Believe it or not, there are rednecks in New Jersey who like to fish, hunt, drive a pick up, and listen to Country music. And I am one of them!  Hysterical, I know!


----------



## SmokeyTheBear (Oct 27, 2011)

I don't need to see that.


----------



## cold front (Oct 27, 2011)

Yeah I'm getting it too. its a higher elevation snow


----------



## jtakeman (Oct 27, 2011)

Ah crap! its starting here too!  :sick:


----------



## fossil (Oct 27, 2011)

woodsman23 said:
			
		

> ...sorry mods i should have placed this in the pic forum...



I think it would be more appropriate over there.  Hang on, here we go....


----------



## hossthehermit (Oct 27, 2011)

Glad I'm in the tropical part of New England.


----------



## smokinj (Oct 27, 2011)

Wow, I need to put the plow on!


----------



## bogydave (Oct 27, 2011)

Great pictures.
Those trees & bushes with leaves are going to get their branches stretched & strength tested.
We can get ours at anytime.


----------



## Backwoods Savage (Oct 27, 2011)

smokinjay said:
			
		

> Wow, I need to put the plow on!



No worries yet Jay. We have sleet in the forecast here. Nothing yet but we'll see about later tonight. Snow to our north but no snow plowing needs to be done for a while. This is much too early for that.


----------



## yooperdave (Oct 27, 2011)

aw, the purdy!  try saying that in about 3 months!
around here, it is cold enough to snow, but it has been missing us...and not by much.  about 1 hr to the east from here got a bit of a wake up call this week.


----------



## thewoodlands (Oct 27, 2011)

[quote author="woodsman23" date="1319760642"]
	

	
	
		
		

		
		
	


	





Nice pictures woodsman23, nothing for snow here.


zap


----------



## jharkin (Oct 28, 2011)

They keep changing their minds but one channel at least thinks we are going to get 6 inches Saturday. We still have some green trees and I havent even started leaf raking yet!
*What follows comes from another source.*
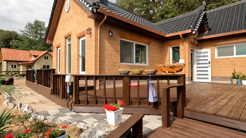 외부에는 현관 앞에 데크를 넓게 시공해서 활용하기 좋고 그 앞에 잔디 정원이 아기자기하게 잘 가꾸어져 있고 주차 공간에는 자갈이 아닌 포장을 깔끔하게 해서 흙먼지 날림 없이 깔끔하게 여러 대 주차할 수 있도록 했습니다.
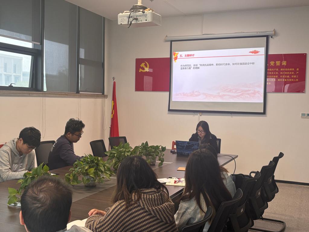 随后,全体党员就“传承抗战精神,勇担时代使命,如何在强国建设中彰显青春力量”展开主题研讨,同志们积极发言,邹迪同志表示:“作为青年党员,我们应该传承抗战先辈的坚毅与担当,以青年之热血、青年之智慧投身强国建设,用行动践行时代使命,书写无愧于时代的青春答卷。”

Load up the stoves gentlemen


----------



## thewoodlands (Oct 28, 2011)

jharkin said:
			
		

> They keep changing their minds but one channel at least thinks we are going to get 6 inches Saturday. We still have some green trees and I havent even started leaf raking yet!
> 
> 
> Load up the stoves gentlemen



zap


----------



## SolarAndWood (Oct 28, 2011)

Awesome graphic Zap, looks like global warming moved the snow band south of us.


----------



## thewoodlands (Oct 28, 2011)

I'll take it, if we could get through the end of November without any big snow I'll be happy.

zap


----------



## MasterMech (Oct 28, 2011)

SolarAndWood said:
			
		

> Awesome graphic Zap, looks like global warming moved the snow band south of us.



Right over top of me. Crap. Guess I'm covering stacks today.


----------



## Haybale (Oct 28, 2011)

Ended up with just over 4 inches in upstate NY.  This pic was taken at 4pm before the heavy snow hit through the evening.


----------



## SolarAndWood (Oct 28, 2011)

MasterMech said:
			
		

> SolarAndWood said:
> 
> 
> 
> ...



Yep, I am taking this as the sign that it is time to get the rest of this year's burn under a roof.


----------



## basswidow (Oct 28, 2011)

Drew1024 said:
			
		

> Believe it or not, there are rednecks in New Jersey who like to fish, hunt, drive a pick up, and listen to Country music. And I am one of them!  Hysterical, I know!



There sure are.....  alot of us!

Calling for 6-10 inches here on Sat.  I will have to see it to believe it.  I better get that snow blower I've been thinking about.  Supposed to be heavy and wet.  I seem to do alright with a shovel - the last 5 years.  A snow blower would be nice though.


----------



## ColdNH (Oct 28, 2011)

got about 3-4" on the grass/trees here in bow nh, elevation 800 feet or so. up north in concord, there was barely anything at 300 feet elevation

Saturday their talkign 6+ inches, BRING IT ON!

that will cause some serious downed trees tho, trees were already majorly stressed from this 3" storm. with all the leaves on the, they are just collecting every bit of snow that falls.


----------



## basswidow (Oct 29, 2011)

http://www.weather.com/weather/today/Lafayette+NJ+07848

5-8 tomorrow and 6-10 tomorrow night 

thats 11-18  they keep upping it.    NO WAY....  Can't happen !


----------



## jtakeman (Oct 29, 2011)

I'll take a few pictures if/when we get the 12" perdicted for tomorrow!

What the heck? Its only frickin October for gosh sakes!  :sick:


----------